The buy backs argument isn’t self-evident
When those growth stocks entered a catastrophic negative growth phase, many disillusioned investors wished they had dividends to invest elsewhere rather than leaving large sums to evaporate. Commentators on buybacks nod sagely as they explain the fiscal efficiency of stock repurchase over dividends because there is less tax on capital appreciation than on dividends. But what John Maynard Keynes said about economic prognostication applies to much investment analysis: its purpose is to make astrology look good.
Firstly, many investors – indeed, possibly most stockholders – are tax-exempt pension funds, endowments and not-for-profits of various kinds, which are not going to pay tax on their income. Even for those that might, however, the difference in the tax rates is so marginal as to be hardly worth worrying about, even if buybacks actually translated into visible cash for investors.
None of this is not self-evident. Theoretically, the reduction in the amount of tradable stock and the upward pressure from the purchases raise the stock price in the market, which then offers added value if and when the holder sells. Well, perhaps – but it seems a long shot, and even the paid coterie of compliant apologist analysts cannot compute a clear empirical correlation. Burning a pinch of incense on the altar of Mammon probably has as demonstrable a practical effect.
I used to think the real purpose of buybacks was to disguise the dilutive depredations on the outstanding stock of options issued to insiders. There is indeed a remarkable correlation between options and buybacks. This way the directors got a multiple halo effect: they avoid dilution, disguise the amount they are costing shareholders, and pretend to enrich the latter even as they pick their pockets.
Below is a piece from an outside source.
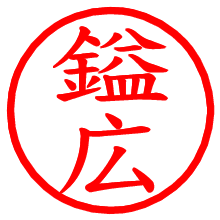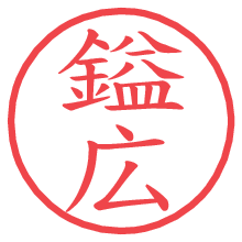 [朱肉の色]を選び、入力窓に“鎰広”と入力して[生成]ボタンを押すと、印影が更新され、リンクから電子印鑑(デジタル印影)がダウンロードできます。 電子印鑑「鎰広」の作り方文字表示が変なときや、文字バランスが悪いときは[字形切替]のチェックボックスでON/OFFを切り替え[生成]しなおしてください。 生成される画像は通常の印影「鎰広.png」と、にじみを表現した少し太めの印影「鎰広B.png」の背面透過PNG形式2種と、鮮明なPDF形式の印影「鎰広.pdf」の計3種類です。 朱肉の微妙な色の違いを7色で表現しました。デフォルト(左端)は、JISが定めた朱肉の色のマンセル値(7.5R 5/14)をRGB値(217,66,54)に変換したものになっています。 「電子透かし」にチェックを入れて[生成]ボタンを押すと、タイムスタンプを電子透かしとして埋め込んだセキュアな電子印鑑が作れます。詳細は別ページの「タイムスタンプと電子透かし」でご覧ください。 鎰広さんの日付印が作れます。「日付スタンプメーカー」は、社内向けの書類に利用されることの多い日付印(データ印)が無料で作れるWebアプリケーションです。中段に日付が入り、上段と下段は、ともに8文字まで文字が入ります。 ![]() 古代文字で落款印が作れます。「落款スタンプメーカー」で作品を引き立たせる落款印が作れます。

If most of the stock bought with company money is then given away free to management, the financial effect on the market price is neutral. That does not stop people believing in the buyback effect, however. Certainly a public revelation that stock options for executives were costing the firm billions might not have been good for a company’s image or share price, as we can deduce from the hundreds of millions spent combating legislation and regulation to force firms to ‘expense’ such arrangements in the company statements. Lest we forget, ‘expensing’ was the euphemism for showing, transparently, how much executives took from shareholders.
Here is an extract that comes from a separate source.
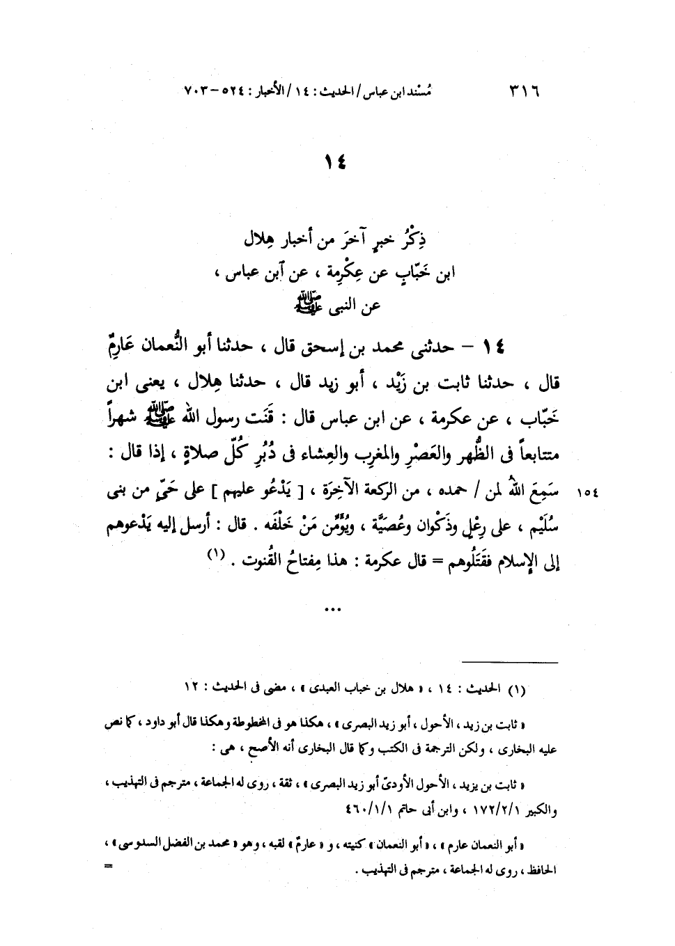 حَدَّثَنِي مُحَمَّدُ بْنُ إِسْحَاقَ، قَالَ: حَدَّثَنَا أَبُو النُّعْمَانِ عَارِمٌ قَالَ: حَدَّثَنَا ثَابِتُ بْنُ زَيْدٍ أَبُو زَيْدٍ، قَالَ: حَدَّثَنَا هِلَالٌ يَعْنِي ابْنَ خَبَّابٍ، عَنْ عِكْرِمَةَ، عَنِ ابْنِ عَبَّاسٍ، قَالَ: قَنَتَ رَسُولُ اللَّهِ صَلَّى اللهُ عَلَيْهِ وَسَلَّمَ شَهْرًا مُتَتَابِعًا فِي الظُّهْرِ وَالْعَصْرِ وَالْمَغْرِبِ وَالْعِشَاءِ فِي دُبُرِ كُلِّ صَلَاةٍ، إِذْ قَالَ: «§سَمِعَ اللَّهُ لِمَنْ حَمِدَهُ» ، مِنَ الرَّكْعَةِ الْآخِرَةِ، يَدْعُو عَلَيْهِمْ عَلَى حَيٍّ مِنْ بَنِي سُلَيْمٍ، عَلَى رِعْلٍ وَذَكْوَانَ وَعُصَيَّةَ، وَيُؤَمِّنُ مَنْ خَلْفَهُ، قَالَ: أَرْسَلَ إِلَيْهِ يَدْعُوهُمْ إِلَى الْإِسْلَامِ فَقَتَلُوهُمْ، قَالَ عِكْرِمَةُ: هَذَا مِفْتَاحُ الْقُنُوتِ -[317]- الْقَوْلُ فِي عِلَلِ هَذَا الْخَبَرِ: وَهَذَا خَبَرٌ صَحِيحٌ عِنْدَنَا سَنَدُهُ، وَقَدْ يَجِبُ أَنْ يَكُونَ عَلَى مَذْهَبِ الْآخَرِينَ سَقِيمًا غَيْرَ صَحِيحٍ، لِعِلَلٍ: إِحْدَاهَا: أَنَّهُ خَبَرٌ لَا يُعْرَفُ لَهُ مَخْرَجٌ يَصِحُّ عَنِ ابْنِ عَبَّاسِ إِلَّا مَنْ هَذَا الْوَجْهِ. وَالثَّانِيَةُ: لِأَنَّهُ مِنْ نَقْلِ عِكْرِمَةَ عَنِ ابْنِ عَبَّاسٍ، وَفِي نَقْلِ عِكْرِمَةَ عِنْدَهُمْ نَظَرٌ يَجِبُ التَّثَبُّتُ فِيهِ مِنْ أَجْلِهِ. وَالثَّالِثَةُ: أَنَّ الْمَعْرُوفَ عَنِ ابْنِ عَبَّاسٍ مِنْ رِوَايَتِهِ الْقُنُوتَ فِي الصُّبْحِ، إِنَّمَا هُوَ عَنْ عُمَرَ رَضِيَ اللَّهُ عَنْهُ، دُونَ الرِّوَايَةِ عَنِ النَّبِيِّ صَلَّى اللهُ عَلَيْهِ وَسَلَّمَ

But now there are extra reasons, and it goes deeper than even I suspected. There is indeed a quantifiable effect: reducing the number of shares increases the EPS, which might have some downstream effect on stock prices. But it definitely – and rather rapidly – clicks up progress in another part of the spreadsheet: executive options calculated on that number.
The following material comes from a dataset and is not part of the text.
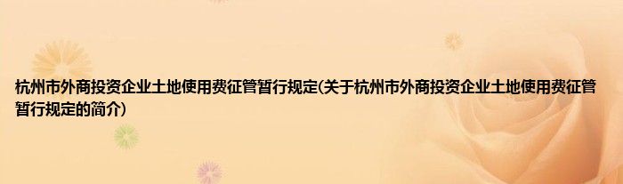 大家好,杭州市外商投资企业土地使用费征管暂行规定,关于杭州市外商投资企业土地使用费征管暂行规定的简介很多人还不知道,现在让我们一起来看看吧!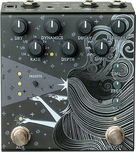 Le footswitch Aux de la Sunlight peut être utilisé en momentané ou enon/off pour le tap tempo, le sustain infini, le maintien de la réverb ou le changement de preset. Il est possible d'enregistrer 3 presets avec des indicateurs LED et d'utiliser l'entrée expression pour un contrôle externe de n'importe quel paramètre. Offrant une grande flexibilité, la Sunlight Stereo est totalement compatible MIDI avec des presets sélectionnables via des messages Program Change et tous les paramètres accessibles et contrôlables via CC.

Now, call me a grouchy old cynic, but could this be a consequence of the 2006 rules mandating expensing and say-on-pay results? Needy executives then had to show they had earned the extra options they were raking in, and EPS is a plausibly solid metric to show restless shareholders, who might not notice that the S&P 500 spent $400 bn on share buybacks last year, boosting EPS to more than 6 percent, while the companies’ actual net income only grew 5 percent – and CEO options rose to record heights. I can’t help but suspect a closer statistical relationship here than between stock buybacks and rising share prices.